Write out the material below again, line for line, without any images.

DATA PROVIDED:
• • •
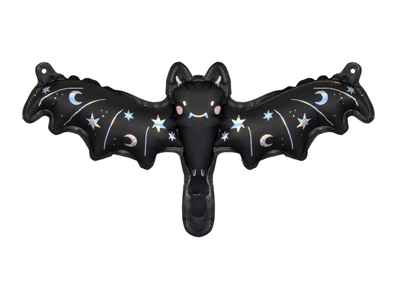 Balon foliowy Nietoperz w kolorze czarnym z holograficznym nadrukiem, wymiary przed napompowaniem ok. 40,5 x 13 cm (16 x 5"), wymiary po napompowaniu ok. 35 x 12 cm (14 x 4,5"). Do napompowania powietrzem. Zestaw zawiera słomkę.
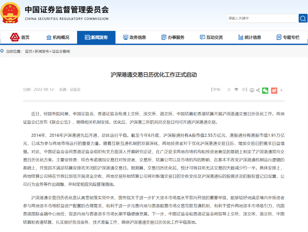 中國證監會(huì )8月12日表示,近日,經(jīng)國務(wù)院同意,中國證監會(huì )、香港證監會(huì )批準上交所、深交所、港交所、中國結算和香港結算開(kāi)展滬深港通交易日歷優(yōu)化工作。優(yōu)化后,滬深港三所的共同交易日均可開(kāi)通滬深港通交易。
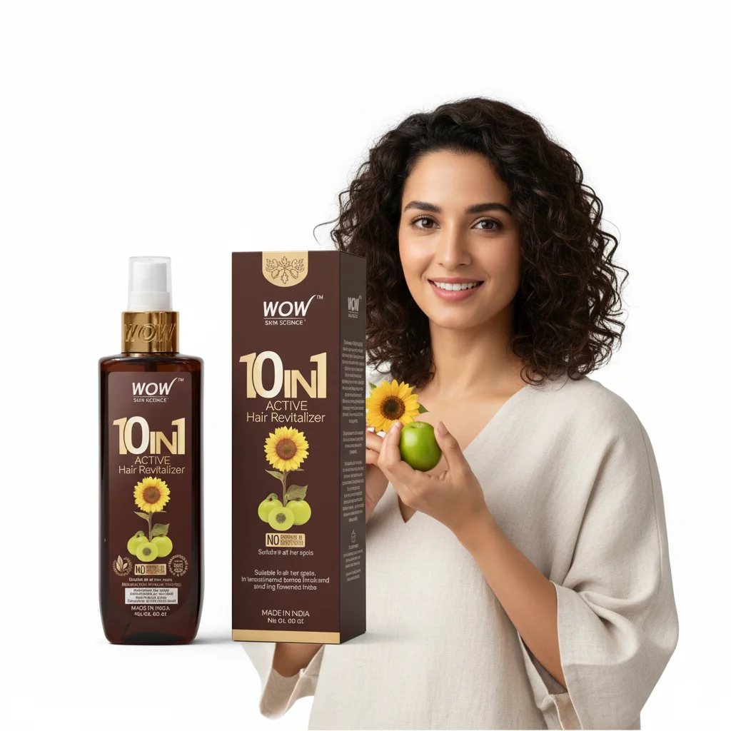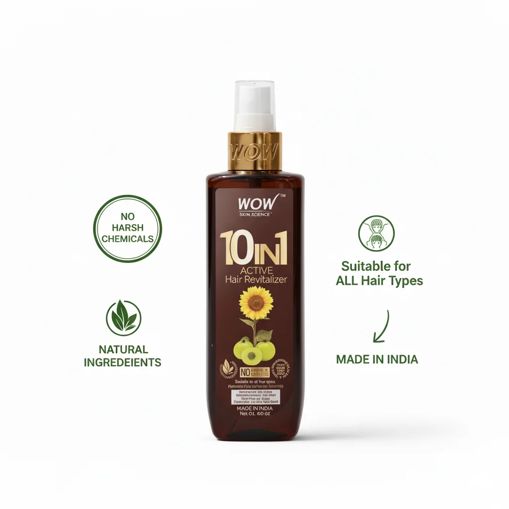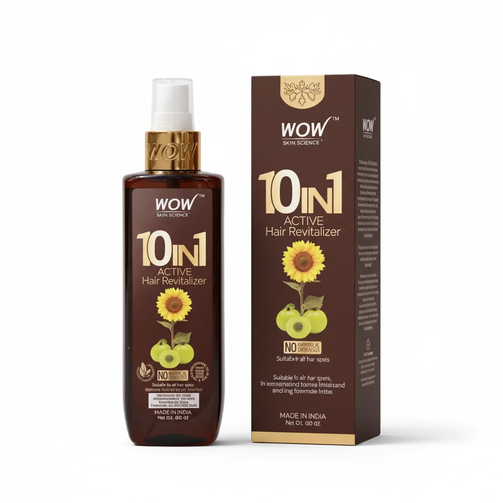 The WOW Skin Science 10 in 1 Active Hair Revitalizer is a hair care product designed to nourish and revitalize hair. It comes in a spray bottle with a brown, translucent liquid, suggesting a blend of natural ingredients. The packaging prominently features illustrations of sunflowers and Indian gooseberry (Amla), indicating these as key components. The product aims to provide multiple benefits for hair health, as implied by “10 in 1 Active Hair Revitalizer.” It is made in India and states “No Mineral Oil,” “No Silicones,” “No Parabens,” and “No Synthetic Color,” highlighting a commitment to a more natural formulation. It also mentions “Sulfate-free all hair types,” suggesting it’s suitable for a wide range of users and gentle on hair. The box reiterates some of these claims and includes additional text, likely detailing usage instructions and further benefits.
• • •
ANSWER TO THIS PROBLEM:
 Balon foliowy Nietoperz w kolorze czarnym z holograficznym nadrukiem, wymiary przed napompowaniem ok. 40,5 x 13 cm (16 x 5"), wymiary po napompowaniu ok. 35 x 12 cm (14 x 4,5"). Do napompowania powietrzem. Zestaw zawiera słomkę.
 中國證監會(huì )8月12日表示,近日,經(jīng)國務(wù)院同意,中國證監會(huì )、香港證監會(huì )批準上交所、深交所、港交所、中國結算和香港結算開(kāi)展滬深港通交易日歷優(yōu)化工作。優(yōu)化后,滬深港三所的共同交易日均可開(kāi)通滬深港通交易。
 The WOW Skin Science 10 in 1 Active Hair Revitalizer is a hair care product designed to nourish and revitalize hair. It comes in a spray bottle with a brown, translucent liquid, suggesting a blend of natural ingredients. The packaging prominently features illustrations of sunflowers and Indian gooseberry (Amla), indicating these as key components. The product aims to provide multiple benefits for hair health, as implied by “10 in 1 Active Hair Revitalizer.” It is made in India and states “No Mineral Oil,” “No Silicones,” “No Parabens,” and “No Synthetic Color,” highlighting a commitment to a more natural formulation. It also mentions “Sulfate-free all hair types,” suggesting it’s suitable for a wide range of users and gentle on hair. The box reiterates some of these claims and includes additional text, likely detailing usage instructions and further benefits.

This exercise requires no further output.